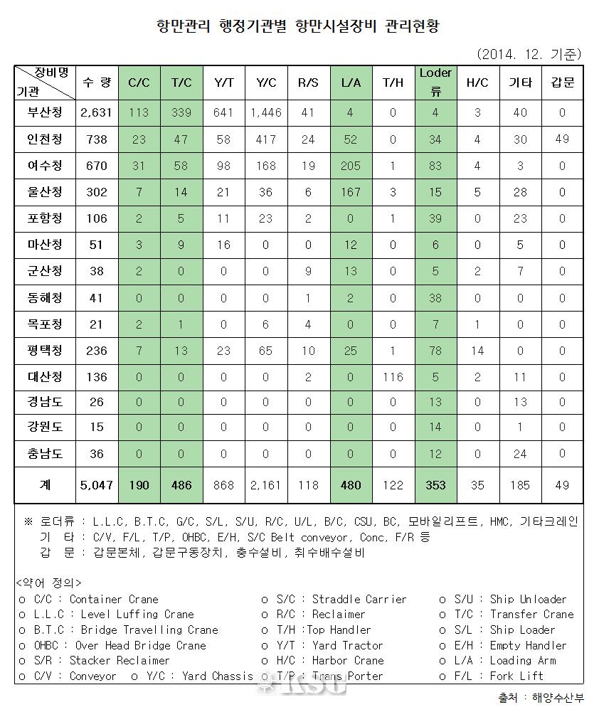 해수부에 따르면, 이번 항만법 일부 개정으로 지난해 말 기준 전국 항만에 설치·운영되고 있는 1509대의 고정식·이동식 하역장비가 혜택을 받을 수 있게 됐다.
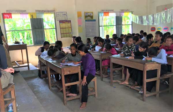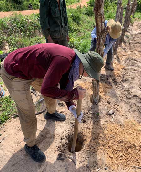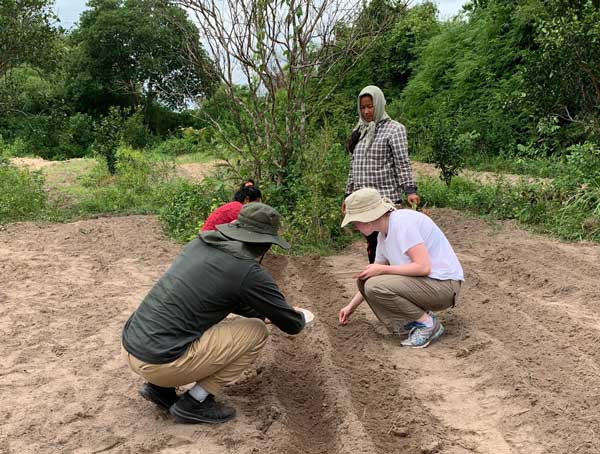 Rachel Warkentin, another intern from HOPE Canada and I spent a total of 25 days in the Pursat province staying in schools in different villages each week. The first week, we stayed at Ream Rey primary school in Ream Rey village. Our main job was to help families and schools by working in the fields, teaching English, and interacting with children. During our time in Ream Rey village, we had a chance to visit many of the well using families, and everyone welcomed us in with a warm smile. When growing crops together, Siem Peun, a mother of the family, told us how happy they were with the clean water that helps them grow many types of crops. She says that they can now eat as many meals, snacks, fruits as they want per day without having to worry about food shortages.
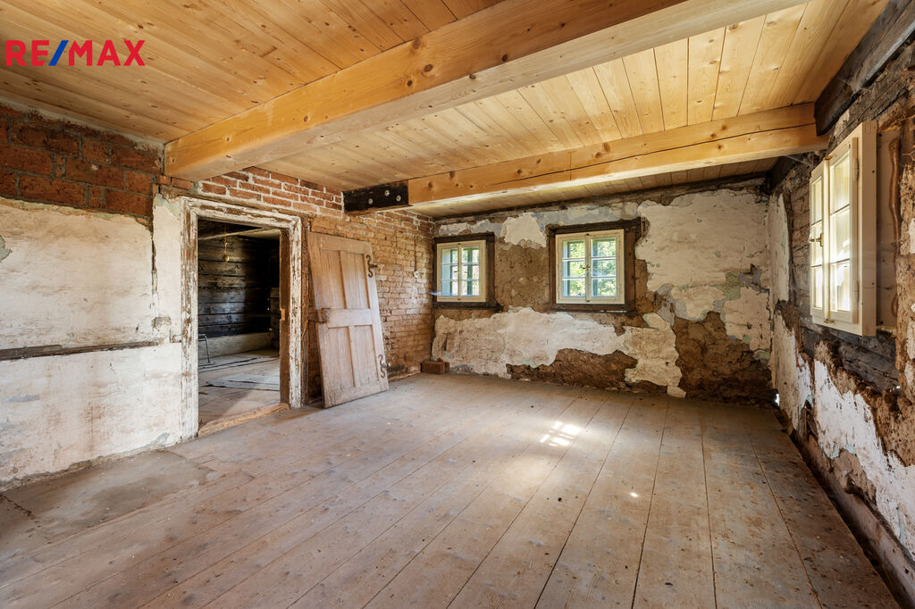 Roubenka (90 m²) – částečně zrekonstruovaná, se třemi místnostmi, předsíní s komorou a možností vybudování obytného podkroví. Skvělý prostor pro dětské pokoje či útulnou pracovnu.
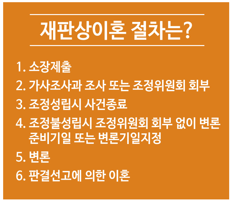 문서등을 생성하고 가정법원에 내면 됩니다. 그후 재판이혼 절차로 가정법원은 해당 내용을 체크하고 한달 안으로 답을 하라는 문서를 남편 또는 아내에게 보내게 되죠

> _Task directions_:
Leaving out only the pictures, reproduce the listing exactly.

> _Problem solution_:
 해수부에 따르면, 이번 항만법 일부 개정으로 지난해 말 기준 전국 항만에 설치·운영되고 있는 1509대의 고정식·이동식 하역장비가 혜택을 받을 수 있게 됐다.
 Rachel Warkentin, another intern from HOPE Canada and I spent a total of 25 days in the Pursat province staying in schools in different villages each week. The first week, we stayed at Ream Rey primary school in Ream Rey village. Our main job was to help families and schools by working in the fields, teaching English, and interacting with children. During our time in Ream Rey village, we had a chance to visit many of the well using families, and everyone welcomed us in with a warm smile. When growing crops together, Siem Peun, a mother of the family, told us how happy they were with the clean water that helps them grow many types of crops. She says that they can now eat as many meals, snacks, fruits as they want per day without having to worry about food shortages.
 Roubenka (90 m²) – částečně zrekonstruovaná, se třemi místnostmi, předsíní s komorou a možností vybudování obytného podkroví. Skvělý prostor pro dětské pokoje či útulnou pracovnu.
 문서등을 생성하고 가정법원에 내면 됩니다. 그후 재판이혼 절차로 가정법원은 해당 내용을 체크하고 한달 안으로 답을 하라는 문서를 남편 또는 아내에게 보내게 되죠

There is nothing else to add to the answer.